アビジン様タンパク質タマビジン2-REVを使用したビオチン化部位のバイオイドスクリーニングは、インターフェロン遺伝子の刺激装置（STING）のグローバルな相互作用因子を識別します。

インターフェロン遺伝子（STING）の刺激装置は、膜輸送を介してサイトゾル誘発性の自然免疫シグナル伝達を媒介します。STINGと空間的に相互作用するタンパク質のグローバルな識別は、その人身売買メカニズムとSTINGシグナル伝達経路をよりよく理解します。近接依存性ビオチン同定（バイオイド）は、生細胞における生理学的に関連するタンパク質間相互作用を特定するための強力な技術です。しかし、ビオチン - スレプトアビジンの相互作用が強すぎるため、ビオチン化ペプチドは従来のバイオイド法ではめったに検出されません。その結果、非ビオチン化ペプチドのみが同定されており、これは非特異的にプルダウンしたタンパク質のペプチドと区別することはできません。ここでは、可逆的なビオチン結合能力を備えた技術的なアビジン様タンパク質であるタマビジン2-REVを使用して、効率的かつ特異的にビオチン化ペプチドを濃縮する簡単な方法を開発しました。RAW264.7マクロファージをターボイド融合刺し刺しを安定して発現させるマクロファージを使用して、刺すような繁殖タンパク質の4,000を超えるビオチン化ペプチドを特定して定量化しました。さまざまな小胞体関連タンパク質が刺激されていない細胞でビオチン化され、刺すような活性化により、ゴルジとエンドソームに位置する多くのタンパク質のビオチン化が引き起こされました。これらのタンパク質には、タンク結合キナーゼ1（TBK1）、いくつかのパルミトイルトランスフェラーゼ、P62/隔離ソソーム1（SQSTM1）など、活性化された刺し傷と相互作用することが知られているタンパク質が含まれていました。さらに、インターフェロン誘発性膜貫通タンパク質3（IFITM3）は、エンドリソソームに局在する抗ウイルスタンパク質であり、後期活性化段階で刺すように結合しています。これらの動的な相互作用プロファイルは、刺すようなシグナル伝達に関する詳細な洞察を提供します。タマビジン2-REVを使用したアプローチは、バイオイドベースのビオチン化ベースのペプチド同定方法に役立つことを提案します。

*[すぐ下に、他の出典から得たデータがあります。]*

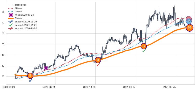 ⚀ 中期均线MA8下穿长期均线MA21形成的交叉是标准 死亡交叉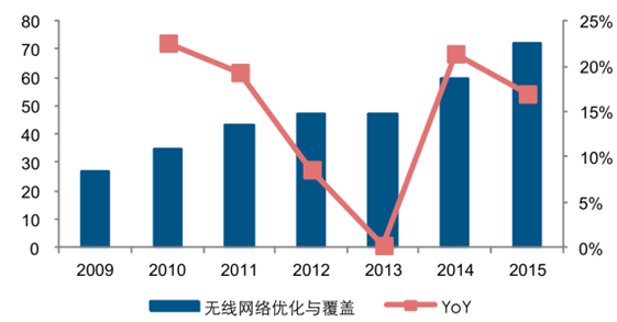 2009-2015年無線網絡優化與覆蓋廠商營業收入(億元,%)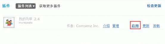 马甲功能必须要安装站点自带的马甲插件才可以使用,在后台安装完“我的马甲”插件以后,点击启用,如下图所示:

Stimulator of interferon genes (STING) mediates cytosolic DNA-induced innate immune signaling via membrane trafficking. The global identification of proteins that spatiotemporally interact with STING will provide a better understanding of its trafficking mechanisms and of STING signaling pathways. Proximity-dependent biotin identification (BioID) is a powerful technology to identify physiologically relevant protein-protein interactions in living cells. However, biotinylated peptides are rarely detected in the conventional BioID method, which uses streptavidin beads to pull down biotinylated proteins, because the biotin-streptavidin interaction is too strong. As a result, only nonbiotinylated peptides are identified, which cannot be distinguished from peptides of nonspecifically pull-downed proteins. Here, we developed a simple method to efficiently and specifically enrich biotinylated peptides using Tamavidin 2-REV, an engineered avidin-like protein with reversible biotin-binding capability. Using RAW264.7 macrophages stably expressing TurboID-fused STING, we identified and quantified >4,000 biotinylated peptides of STING-proximal proteins. Various endoplasmic reticulum-associated proteins were biotinylated in unstimulated cells, and STING activation caused biotinylation of many proteins located in the Golgi and endosomes. These proteins included those known to interact with activated STING, such as TANK-binding kinase 1 (TBK1), several palmitoyl transferases, and p62/sequestosome 1 (SQSTM1). Furthermore, interferon-induced transmembrane protein 3 (IFITM3), an endolysosome-localized antiviral protein, bound to STING at the late activation stage. These dynamic interaction profiles will provide detailed insights into STING signaling; we propose that our approach using Tamavidin 2-REV would be useful for BioID-based and other biotinylation-based peptide identification methods.